Term sheet
To prospectus dated December 1, 2005,
prospectus supplement dated October 12, 2006 and
product supplement no. 75-I dated April 24, 2007

  Term Sheet No. 1 to
Product Supplement No. 75-I
Registration Statement No. 333-130051
Dated April 24, 2007; Rule 433

     

Structured 
Investments 

      JPMorgan Chase & Co.
$
                 7.60% Mandatory Exchangeable Notes due May 8, 2008
Linked to the Common Stock of Alcoa Inc.

General

Key Terms

Reference Stock:

The common stock, par value $1.00 per share, of Alcoa Inc. (New York Stock Exchange symbol “AA”). We refer to Alcoa Inc. as “Alcoa.”

Interest Rate:

7.60% per annum, paid quarterly and calculated on a 30/360 basis.

Principal Amount:

$      , which is equal to the average execution price per share of the Reference Stock, on the pricing date, that our affiliate has paid to hedge our obligations under the notes.

Maturity Date:

May 8, 2008*

Pricing Date:

On or about April 30, 2007

Settlement Date:

On or about May 3, 2007

Observation Date:

May 5, 2008*

CUSIP:

 

Interest Payment Date:

Interest on the notes will be payable quarterly in arrears on August 3, 2007, November 3, 2007, February 3, 2008 and the Maturity Date (each such date, an “Interest Payment Date”), commencing on August 3, 2007, to and including the Interest Payment Date corresponding to the Maturity Date. See “Selected Purchase Considerations — Quarterly Interest Payments” in this term sheet for more information.

Payment at Maturity:

The payment at maturity, in excess of any accrued and unpaid interest, is based on the performance of the Reference Stock. You will receive at maturity for each note, in addition to any accrued and unpaid interest:

(1) if the Final Share Price is greater than the Cap Price, an amount in cash equal to the Cap Price (or, at our election, the Physical Delivery Amount); or
(2) if the Final Share Price is equal to or less than the Cap Price, an amount in cash equal to the Final Share Price (or, at our election, the Physical Delivery Amount).
Excluding any accrued and unpaid interest, the value of your payment per note at maturity will not be more than the Cap Price and may be zero.

Cap Price:

$      , which is equal to 110% of the Principal Amount.

Physical Delivery Amount:

If the Final Share Price is greater than the Cap Price, the number of shares of Reference Stock per note equal to (1) the Cap Price divided by (2) the Final Share Price.
If the Final Share Price is equal to or less than the Cap Price, the number of shares of Reference Stock per note equal to the Exchange Factor.
Fractional shares will be paid in cash. We will notify the trustee five business days before the maturity date if we elect to deliver shares of the Reference Stock equal to the Physical Delivery Amount to you at maturity.

Exchange Factor:

Set initially at 1.0, subject to adjustment upon the occurrence of certain corporate events affecting the Reference Stock. See “General Terms of Notes — Anti-Dilution Adjustments.”

Dividend Protection:

The Exchange Factor is subject to adjustment in the event that Alcoa pays a cash dividend on the Reference Stock for any calendar quarter in an amount either greater or less than the Dividend Threshold. If the calculation agent determines that Alcoa has failed to declare or make a cash dividend payment for any calendar quarter, the Exchange Factor will be subject to adjustment on the relevant Exchange Factor Adjustment Dates, which shall be August 1, 2007, October 31, 2007, January 30, 2008 and April 30, 2008 (or the next following business day if the specified date is not a business day) and the Observation Date, as applicable.

Dividend Threshold:

$0.17 per share of Reference Stock, which is the amount of the dividend per share of common stock most recently paid by Alcoa prior to the date of this term sheet.

Final Share Price:

The product of (1) the closing price of the Reference Stock on the New York Stock Exchange on the Observation Date and (2) the Exchange Factor.

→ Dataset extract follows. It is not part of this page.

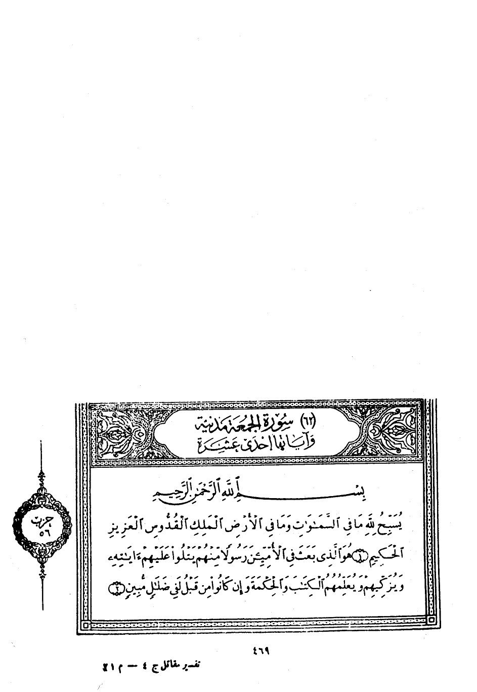 يُسَبِّحُ لِلَّهِ مَا فِي السَّماواتِ وَما فِي الْأَرْضِ الْمَلِكِ الْقُدُّوسِ الْعَزِيزِ الْحَكِيمِ (1) هُوَ الَّذِي بَعَثَ فِي الْأُمِّيِّينَ رَسُولاً مِنْهُمْ يَتْلُوا عَلَيْهِمْ آياتِهِ وَيُزَكِّيهِمْ وَيُعَلِّمُهُمُ الْكِتابَ وَالْحِكْمَةَ وَإِنْ كانُوا مِنْ قَبْلُ لَفِي ضَلالٍ مُبِينٍ (2) وَآخَرِينَ مِنْهُمْ لَمَّا يَلْحَقُوا بِهِمْ وَهُوَ الْعَزِيزُ الْحَكِيمُ (3) ذلِكَ فَضْلُ اللَّهِ يُؤْتِيهِ مَنْ يَشاءُ وَاللَّهُ ذُو الْفَضْلِ الْعَظِيمِ (4)

*      Subject to postponement in the event of a market disruption event and as described under “Description of Notes — Payment at Maturity” in the accompanying product supplement no. 75-I.

Investing in the Mandatory Exchangeable Notes involves a number of risks. See “Risk Factors” beginning on page PS-7 of the accompanying product supplement no. 75-I and “Selected Risk Considerations” beginning on page TS-2 of this term sheet.

JPMorgan Chase & Co. has filed a registration statement (including a prospectus) with the Securities and Exchange Commission, or SEC, for the offering to which this term sheet relates. Before you invest, you should read the prospectus in that registration statement, each prospectus supplement, product supplement no. 75-I and any other documents relating to this offering that JPMorgan Chase & Co. has filed with the SEC for more complete information about JPMorgan Chase & Co. and this offering. You may get these documents without cost by visiting EDGAR on the SEC Web site at www.sec.gov. Alternatively, JPMorgan Chase & Co., any agent or any dealer participating in this offering will arrange to send you the prospectus, each prospectus supplement, product supplement no. 75-I and this term sheet if you so request by calling toll-free 866-535-9248.

You may revoke your offer to purchase the notes at any time prior to the time at which we accept such offer by notifying the applicable agent. We reserve the right to change the terms of, or reject any offer to purchase, the notes prior to their issuance. In the event of any changes to the terms of the notes, we will notify you and you will be asked to accept such changes in connection with your purchase. You may also choose to reject such changes in which case we may reject your offer to purchase.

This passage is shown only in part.